The only solution I see so far would be using a Joiner node. However this seems to yield very bad performance (definitely not O(1)).

Anybody able to help me with this?

mlauber71 · October 17, 2019, 9:43am

Not exactly sure what your question is. If you want to do joins you could try and use a local database and KNIME’s generic database nodes. H2 offers the possibility of in memory DBs so given you have enough power on your machine that may speed up joins.

Otherwise you might want to upload an example of what kind of database question you have. In the end from my experience you will have to test which solution is best for you. An advantage of KNIME DB nodes would be you could reuse your code with a whole range of other Databases later if you need more serious power.
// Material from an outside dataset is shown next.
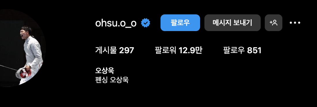 에 출연해서 많은 팬들을 입덕 시켰는데요 오상욱 선수는 세계적인 선수인 만큼 일상생활 이나 국제 경기의 모습들 까지 인스타그램에서 만나보실 수 있습니다 오상욱 선수 인스타그램은 지금 축제 분위기 인데요 여러분도 선수 인스타그램에 축하의 메시지를 남겨보시면 어떨까요?

dobo · October 29, 2019, 6:20am

In my example, KNIME is working as ETL tool between different systems, which means I need to transport all meta data corresponding to the records. The ETL part contains really a lot of logic (especially many Joins and GroupBy’s), which results in too much memory required, than actually needed. To ensure the proper outcome of the resulting values, I would only need the keys to be pulled through the ETL part. Here is a small extract of the data set which displays many keys and their corresponding value right next to them (e.g. key=EUR, val=Euro).

Sometimes one key has many values because there is a hierarchy behind (e.g. key=BSL, val0=Basel, val1=Switzerland, val2=Europe).

I tried to strip the values from the keys, then only process the keys through the ETL (which resulted in significantly better performance) and then at the end map the values back to the keys using a Join in order to write the proper dataset into another system. But this join to map the values back to the keys was very inefficient due to the large dataset. Since this mapping of key to value would be a O(1) operation, this task should actually be possible in only a few seconds, even for the given large dataset.

So my question is whether a node exists that does such a remapping of value lookups to existing keys?

mlauber71 · October 29, 2019, 11:10am

I think you could try and use the

Although I do not have that much experience with that. But it seems to adress a problem you mentioned.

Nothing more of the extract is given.